**Your task:** The data below should be repeated exactly and in full.

**Task inputs:**
[Start of section]

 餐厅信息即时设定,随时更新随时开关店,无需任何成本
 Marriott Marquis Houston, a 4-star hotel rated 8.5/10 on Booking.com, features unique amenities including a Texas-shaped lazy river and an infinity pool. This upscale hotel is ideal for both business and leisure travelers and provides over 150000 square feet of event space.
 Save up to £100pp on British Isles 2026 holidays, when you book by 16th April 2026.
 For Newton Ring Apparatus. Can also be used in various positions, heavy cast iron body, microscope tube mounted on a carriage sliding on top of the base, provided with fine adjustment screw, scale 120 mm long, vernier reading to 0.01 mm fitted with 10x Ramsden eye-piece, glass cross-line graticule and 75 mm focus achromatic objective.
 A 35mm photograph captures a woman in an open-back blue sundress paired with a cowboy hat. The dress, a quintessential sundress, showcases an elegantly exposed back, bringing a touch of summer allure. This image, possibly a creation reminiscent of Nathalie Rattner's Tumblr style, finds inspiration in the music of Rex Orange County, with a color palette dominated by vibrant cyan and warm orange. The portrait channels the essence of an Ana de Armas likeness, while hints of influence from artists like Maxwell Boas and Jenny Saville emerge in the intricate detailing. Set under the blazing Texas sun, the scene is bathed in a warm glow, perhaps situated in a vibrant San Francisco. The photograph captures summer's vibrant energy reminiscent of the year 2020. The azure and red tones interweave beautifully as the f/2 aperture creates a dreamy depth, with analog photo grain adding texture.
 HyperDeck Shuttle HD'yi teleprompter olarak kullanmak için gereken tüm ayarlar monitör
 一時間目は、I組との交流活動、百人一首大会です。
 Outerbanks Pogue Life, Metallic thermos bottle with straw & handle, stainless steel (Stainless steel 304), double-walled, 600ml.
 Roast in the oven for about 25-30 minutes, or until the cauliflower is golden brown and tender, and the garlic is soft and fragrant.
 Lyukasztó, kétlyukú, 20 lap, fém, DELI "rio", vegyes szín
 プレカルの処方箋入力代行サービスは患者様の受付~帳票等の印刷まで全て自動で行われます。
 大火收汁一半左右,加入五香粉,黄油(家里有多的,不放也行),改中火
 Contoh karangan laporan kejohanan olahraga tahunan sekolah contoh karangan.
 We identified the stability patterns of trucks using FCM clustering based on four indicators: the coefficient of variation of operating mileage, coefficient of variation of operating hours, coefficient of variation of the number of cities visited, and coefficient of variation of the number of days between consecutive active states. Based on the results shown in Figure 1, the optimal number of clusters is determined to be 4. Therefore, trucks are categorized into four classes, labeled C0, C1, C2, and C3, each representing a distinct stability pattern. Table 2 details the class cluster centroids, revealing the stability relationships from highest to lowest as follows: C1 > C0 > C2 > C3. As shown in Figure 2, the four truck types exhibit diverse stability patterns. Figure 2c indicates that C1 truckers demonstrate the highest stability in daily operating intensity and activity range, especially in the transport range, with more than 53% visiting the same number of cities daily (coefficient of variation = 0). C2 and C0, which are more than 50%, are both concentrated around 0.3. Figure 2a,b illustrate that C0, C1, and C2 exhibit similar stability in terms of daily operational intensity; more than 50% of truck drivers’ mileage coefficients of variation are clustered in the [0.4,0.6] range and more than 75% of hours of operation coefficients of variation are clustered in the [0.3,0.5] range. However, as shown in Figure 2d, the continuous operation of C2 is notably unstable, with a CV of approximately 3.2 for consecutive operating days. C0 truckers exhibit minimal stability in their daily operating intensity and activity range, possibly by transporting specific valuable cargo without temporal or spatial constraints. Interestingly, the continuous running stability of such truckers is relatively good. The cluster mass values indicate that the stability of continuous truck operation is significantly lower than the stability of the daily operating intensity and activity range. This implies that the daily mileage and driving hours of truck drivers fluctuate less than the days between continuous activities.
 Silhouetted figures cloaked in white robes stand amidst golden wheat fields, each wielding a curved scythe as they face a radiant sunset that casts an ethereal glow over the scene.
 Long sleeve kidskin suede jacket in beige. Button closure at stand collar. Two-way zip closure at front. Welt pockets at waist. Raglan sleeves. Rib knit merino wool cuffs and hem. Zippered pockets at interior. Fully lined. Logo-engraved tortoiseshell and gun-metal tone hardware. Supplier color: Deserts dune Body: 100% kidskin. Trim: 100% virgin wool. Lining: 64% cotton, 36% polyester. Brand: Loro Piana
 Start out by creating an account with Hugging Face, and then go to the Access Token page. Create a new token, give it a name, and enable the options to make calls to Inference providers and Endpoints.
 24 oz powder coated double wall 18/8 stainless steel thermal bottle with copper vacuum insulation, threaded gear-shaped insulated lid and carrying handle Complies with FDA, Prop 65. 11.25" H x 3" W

[End of section]

**Output of the exercise:**
 餐厅信息即时设定,随时更新随时开关店,无需任何成本
 Marriott Marquis Houston, a 4-star hotel rated 8.5/10 on Booking.com, features unique amenities including a Texas-shaped lazy river and an infinity pool. This upscale hotel is ideal for both business and leisure travelers and provides over 150000 square feet of event space.
 Save up to £100pp on British Isles 2026 holidays, when you book by 16th April 2026.
 For Newton Ring Apparatus. Can also be used in various positions, heavy cast iron body, microscope tube mounted on a carriage sliding on top of the base, provided with fine adjustment screw, scale 120 mm long, vernier reading to 0.01 mm fitted with 10x Ramsden eye-piece, glass cross-line graticule and 75 mm focus achromatic objective.
 A 35mm photograph captures a woman in an open-back blue sundress paired with a cowboy hat. The dress, a quintessential sundress, showcases an elegantly exposed back, bringing a touch of summer allure. This image, possibly a creation reminiscent of Nathalie Rattner's Tumblr style, finds inspiration in the music of Rex Orange County, with a color palette dominated by vibrant cyan and warm orange. The portrait channels the essence of an Ana de Armas likeness, while hints of influence from artists like Maxwell Boas and Jenny Saville emerge in the intricate detailing. Set under the blazing Texas sun, the scene is bathed in a warm glow, perhaps situated in a vibrant San Francisco. The photograph captures summer's vibrant energy reminiscent of the year 2020. The azure and red tones interweave beautifully as the f/2 aperture creates a dreamy depth, with analog photo grain adding texture.
 HyperDeck Shuttle HD'yi teleprompter olarak kullanmak için gereken tüm ayarlar monitör
 一時間目は、I組との交流活動、百人一首大会です。
 Outerbanks Pogue Life, Metallic thermos bottle with straw & handle, stainless steel (Stainless steel 304), double-walled, 600ml.
 Roast in the oven for about 25-30 minutes, or until the cauliflower is golden brown and tender, and the garlic is soft and fragrant.
 Lyukasztó, kétlyukú, 20 lap, fém, DELI "rio", vegyes szín
 プレカルの処方箋入力代行サービスは患者様の受付~帳票等の印刷まで全て自動で行われます。
 大火收汁一半左右,加入五香粉,黄油(家里有多的,不放也行),改中火
 Contoh karangan laporan kejohanan olahraga tahunan sekolah contoh karangan.
 We identified the stability patterns of trucks using FCM clustering based on four indicators: the coefficient of variation of operating mileage, coefficient of variation of operating hours, coefficient of variation of the number of cities visited, and coefficient of variation of the number of days between consecutive active states. Based on the results shown in Figure 1, the optimal number of clusters is determined to be 4. Therefore, trucks are categorized into four classes, labeled C0, C1, C2, and C3, each representing a distinct stability pattern. Table 2 details the class cluster centroids, revealing the stability relationships from highest to lowest as follows: C1 > C0 > C2 > C3. As shown in Figure 2, the four truck types exhibit diverse stability patterns. Figure 2c indicates that C1 truckers demonstrate the highest stability in daily operating intensity and activity range, especially in the transport range, with more than 53% visiting the same number of cities daily (coefficient of variation = 0). C2 and C0, which are more than 50%, are both concentrated around 0.3. Figure 2a,b illustrate that C0, C1, and C2 exhibit similar stability in terms of daily operational intensity; more than 50% of truck drivers’ mileage coefficients of variation are clustered in the [0.4,0.6] range and more than 75% of hours of operation coefficients of variation are clustered in the [0.3,0.5] range. However, as shown in Figure 2d, the continuous operation of C2 is notably unstable, with a CV of approximately 3.2 for consecutive operating days. C0 truckers exhibit minimal stability in their daily operating intensity and activity range, possibly by transporting specific valuable cargo without temporal or spatial constraints. Interestingly, the continuous running stability of such truckers is relatively good. The cluster mass values indicate that the stability of continuous truck operation is significantly lower than the stability of the daily operating intensity and activity range. This implies that the daily mileage and driving hours of truck drivers fluctuate less than the days between continuous activities.
 Silhouetted figures cloaked in white robes stand amidst golden wheat fields, each wielding a curved scythe as they face a radiant sunset that casts an ethereal glow over the scene.
 Long sleeve kidskin suede jacket in beige. Button closure at stand collar. Two-way zip closure at front. Welt pockets at waist. Raglan sleeves. Rib knit merino wool cuffs and hem. Zippered pockets at interior. Fully lined. Logo-engraved tortoiseshell and gun-metal tone hardware. Supplier color: Deserts dune Body: 100% kidskin. Trim: 100% virgin wool. Lining: 64% cotton, 36% polyester. Brand: Loro Piana
 Start out by creating an account with Hugging Face, and then go to the Access Token page. Create a new token, give it a name, and enable the options to make calls to Inference providers and Endpoints.
 24 oz powder coated double wall 18/8 stainless steel thermal bottle with copper vacuum insulation, threaded gear-shaped insulated lid and carrying handle Complies with FDA, Prop 65. 11.25" H x 3" W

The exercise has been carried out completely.